Qui fait Le tunnel aux pigeons charmant et engageant et totalement dépourvu de friction, même dans les endroits où vous pourriez sentir qu’il y a plus à tirer de Cornwell avec un peu de cajolerie ou de pression. Malgré des éléments de son passé qui suggèrent le contraire, Cornwell apparaît ici exclusivement comme un homme distingué, poli et Le tunnel aux pigeons est un documentaire raffiné et raffiné, qui n’aurait probablement pas laissé le regretté auteur se sentir trop exposé. Les multiples enfants Cornwell crédités comme producteurs sont sûrement d’accord.

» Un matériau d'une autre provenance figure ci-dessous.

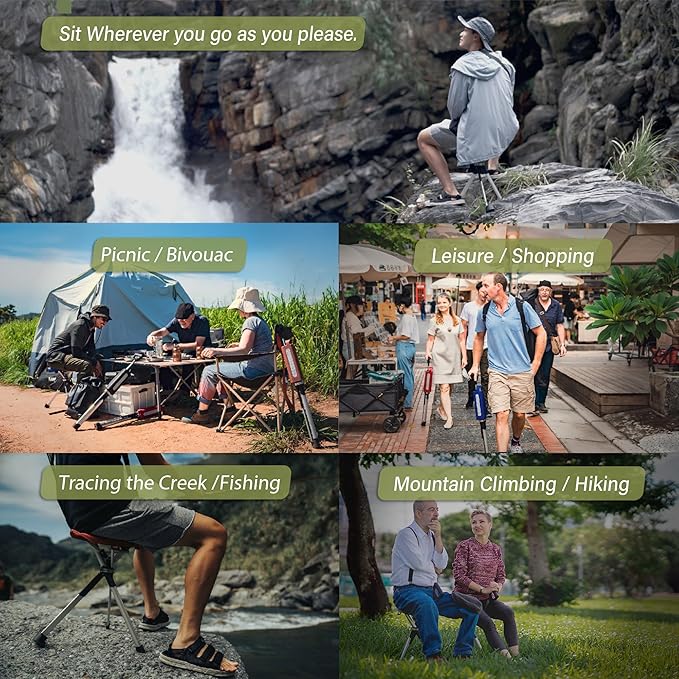 • ERGONOMIC HANDLE: As a hiking stick, the ergonomic handle with special tilt angles and grain texture makes it easy to hold, thereby reducing the user’s effort to carry. As a chair, with the largest seat among all similar products in the market, it brings in better sitting comfort and experience.

Honnêtement, c’est difficile de savoir en regardant Le tunnel aux pigeons ce dont Cornwell aurait pu se méfier. Le titre du documentaire vient du titre des mémoires de Cornwell. La signification du titre et son autobiographie générale sont des histoires que Cornwell a souvent présentées sur lui-même – de son éducation avec une mère absente et un père criminel, à ses insécurités étant éduqué dans des environnements chics où il ne semblait jamais s’intégrer, à la dualité de identité qu’il a développée et qui lui a bien servi d’abord dans le renseignement britannique, puis en tant qu’auteur de thrillers emblématiques comme L’espion venu du froid et Espion soldat bricoleur tailleur.

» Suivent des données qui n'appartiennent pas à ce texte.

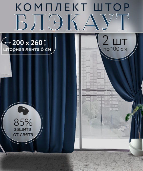 Штора Мир штор блэкаут_комплект , 260х200см, синий, Полиэстер купить c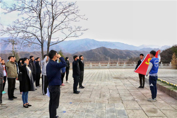会后,全体党员驱车前往革命教育基地门头沟区雁翅镇田庄村,参观了京西山区中共第一党支部旧址,感受了京西山区中国共产党组织创建和成长的光辉历程;瞻仰了雁翅镇革命烈士纪念碑,缅怀在抗日战争、解放战争中牺牲的革命烈士。全体党员还来到门头沟区斋堂镇宛平抗日烈士纪念公园,在宛平县人民八年抗战为国牺牲烈士纪念碑前为烈士默哀、敬献鲜花,并徐徐绕纪念碑一周瞻仰纪念碑和浮雕,感受宛平县人民誓死抗战的钢铁意志。全体党员在教育部规建中心党总支部副书记、副主任陈建荣同志的领誓下,面向党旗庄严宣誓,重温入党誓词。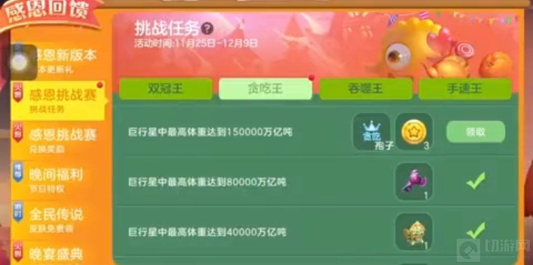 1、球球大作战贪吃王活动时间是11月25日~12月9日,完成贪吃王需要在巨行星模式中体重达到相应的体重即可。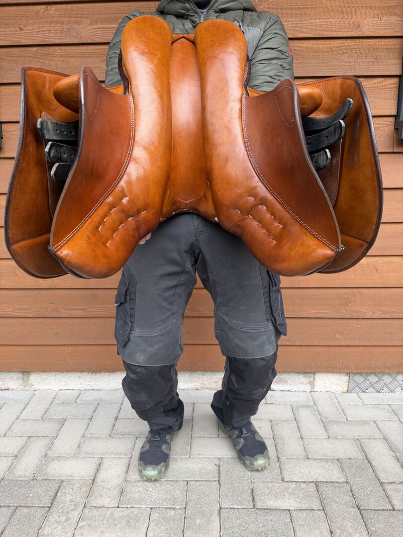 Stübben jumping saddle - Selling my Stübben jumping saddle Siegfried M.F. Spezial in red-brown color.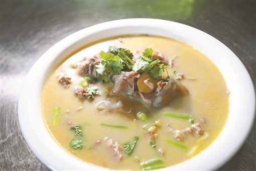夹起羊肉,没有丝毫膻味,肉质清甜,入口即化,粉皮弹牙爽口。盛上一碗山泉水烹煮的羊肉汤,暖胃暖心,让人大呼畅快。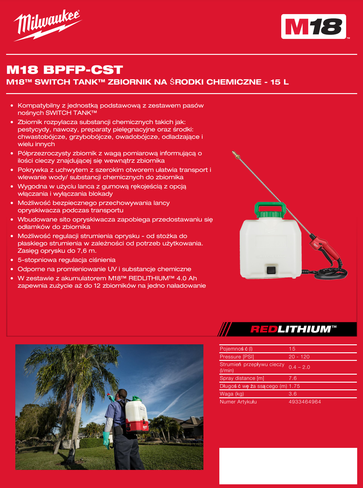 MILWAUKEE M18BPFP-WST Zbiornik wody 15 L

Les conversations ici se concentrent davantage sur les parents de Cornwell et sa fascination pour les traîtres comme Kim Philby, avec une analyse limitée livre par livre qui semble principalement refléter les préférences personnelles de Morris. Lorsque Morris sent que Cornwell colle un peu trop à son scénario autobiographique, le réalisateur donne un coup de coude, mais sans agenda évident. Le plus souvent, il se penche sur des interprétations que Cornwell rejette par des raffinements subtils et amicaux ou avec lesquelles il est simplement d’accord, avec le sourire d’un homme heureux d’être vu et compris, mais peu désireux de creuser plus profondément.
S’il y a des suggestions que Morris fait à propos du fabulisme de Cornwell ou de ses manipulations du récit, aucune motivation concluante n’en émerge. On ne sait pas non plus pourquoi le seul sujet autour duquel Cornwell érige une barrière est sa vie amoureuse. Rien sur les tendances politiques de Cornwell, qui sont devenues de plus en plus franches plus tard dans sa vie, n’est abordé le moins du monde, même si sa désillusion à l’égard des renseignements britanniques et de la guerre froide est gentiment reconnue.
En général, Morris traite Cornwell et son histoire non pas comme un interrogatoire mais comme un fil à dérouler avec des reconstitutions dans le style d’un thriller de John le Carré – le récent film de Steve James Un Sp compatissantoui a employé une tactique similaire – parfaitement photographiée par Igor Martinović. Morris s’appuie fortement sur certaines vanités visuelles : les acteurs de la reconstitution sont constamment filmés dans des couloirs claustrophobes, tandis que la bibliothèque dans laquelle Cornwell est filmé semble souvent se fragmenter derrière lui.
Tout cela est lié par une partition captivante de Philip Glass, avec Paul Leonard-Morgan, une composition atonale à couper le souffle qui à la fois est troublante et met instantanément les fans à l’aise dans un film d’Errol Morris.
Le tunnel aux pigeons trouvera sa plus grande audience en streaming sur Apple TV+, où il pourra être regardé en tandem avec le pastiche d’espionnage post-le-Carré de Chevaux lents.